En el cruce con el camino que va a El Vilar

Pasamos por el yacimiento del poblado medieval de Les Llenes, en el mismo estado de abandono total que habíamos visto la última vez que pasamos por aquí, y entramos en la pista que baja hacia el río. Sin embargo, en vez de continuar hacia la derecha, giramos a la izquierda. Por aquí, no ha pasado nadie en décadas; está todo tapado de zarzas y espinos. Seguimos bajando como podemos, por los restos de la pista, por fragmentos del camino antiguo, a veces a cuatro patas. Tras pasar por un par de carboneras, encontramos un camino transversal y giramos a la izquierda.

Pedraforca, siempre majestuoso

Nos vamos acercando a la roca. Tenemos la fábrica del Collet abajo. Vemos los restos de una barraca, luego una torre de teleférico de madera todavía en buen estado de conservación, y detrás … la boca del túnel, todavía con los postes del teleférico en su interior. Es un momento histórico y lo vamos recorriendo todo poco a poco para saborear el hallazgo en toda su plenitud.

El poste de madera del teleférico

En el interior del túnel

Y la salida sobre el Collet

El túnel es más largo que el de Vallcebre y desde la salida al otro lado, vemos los pisos del Collet debajo. Damos la vuelta y vamos a buscar la base de teleférico que veíamos desde el coche. La encontramos sin grandes dificultades y aquí comemos, con vistas al Pedraforca nevado. El sol está en su punto más alto y hace una temperatura suave.

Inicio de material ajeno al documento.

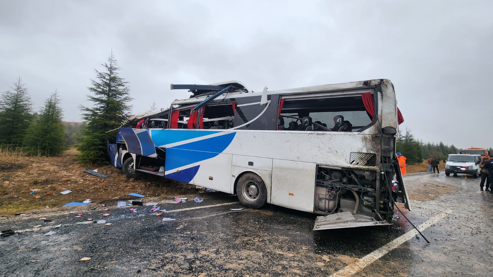 Eskişehir-Seyitgazi yolunda sabah saatlerinde meydana gelen trafik kazasında 1 kişi hayatını kaybetti, 41 kişi ise yaralandı. Alanya'dan Bursa'ya gitmekte olan yolcu otobüsü, sabah saat 07.55’te etkili olan yağış nedeniyle kontrolden çıkarak takla attı. Kazanın ardından 2 otobüs şoförü ve 1 muavinle birlikte yaralılar, çevredeki hastanelere sevk edilerek tedavi altına alındı. Kazanın meydana geldiği yer, Seyitgazi ilçesinin 16. kilometresi olarak belirlendi. Edinilen bilgilere göre, kazada hayatını kaybeden kişinin 56 yaşındaki Nihat Yüceler olduğu öğrenildi. Yaralıların tedavi süreçleri devam ederken, polis ve jandarma ekipleri kazanın ardından güvenlik önlemleri alarak yolun diğer araçlar için güvenli geçişini sağladı. Savcının olay yerindeki incelemelerini tamamlamasının ardından, kaza yapan otobüs vinç yardımıyla yoldan çekildi. Karayolları ekipleri, kazanın ardından temizlik çalışmalarına başlarken, otobüsün kaldırılması sırasında güvenlik amacıyla yol trafiğe kapatıldı. Çalışmaların tamamlanmasının ardından yolun yeniden trafiğe açılması bekleniyor. Kaza ile ilgili soruşturma devam ediyor. (HABER MERKEZİ)

La base de hormigón; al otro lado del valle, en la sombra, la carretera de Saldes

Guiados por la orientación infalible de Pep, volvemos hacia arriba por otro camino pero pasando por las dos carboneras, una detrás de la otra, y luego siguiendo la pista, toda tapada de zarzas. Hace más de 15 años que lo conozco y aun no entiendo cómo puede moverse con una precisión milimétrica por estos terrenos perdidos.

Salimos al camino de Les Llenes. Con el calor del sol, ahora vemos columnas de procesionaria buscando un sitio dónde enterrarse. “¿Cómo es que han salido dos meses antes de tiempo?”, pregunto a Pep. Señala los pinos secos, sin hojas, casi muertos, que nos rodean: “Se quedaron sin comida”. Siguiendo la misma lógica, pienso, las mariposas también saldrán dos meses antes de tiempo, más pequeñas y más débiles, cuando las condiciones todavía no son propicias. A ver si eso ayuda a acabar con la plaga.

Pinos moribundos; detrás, la línea del camino del Vilar

Con eso, damos por concluida la salida de hoy. 6,25 km; 340 metros de desnivel acumulado.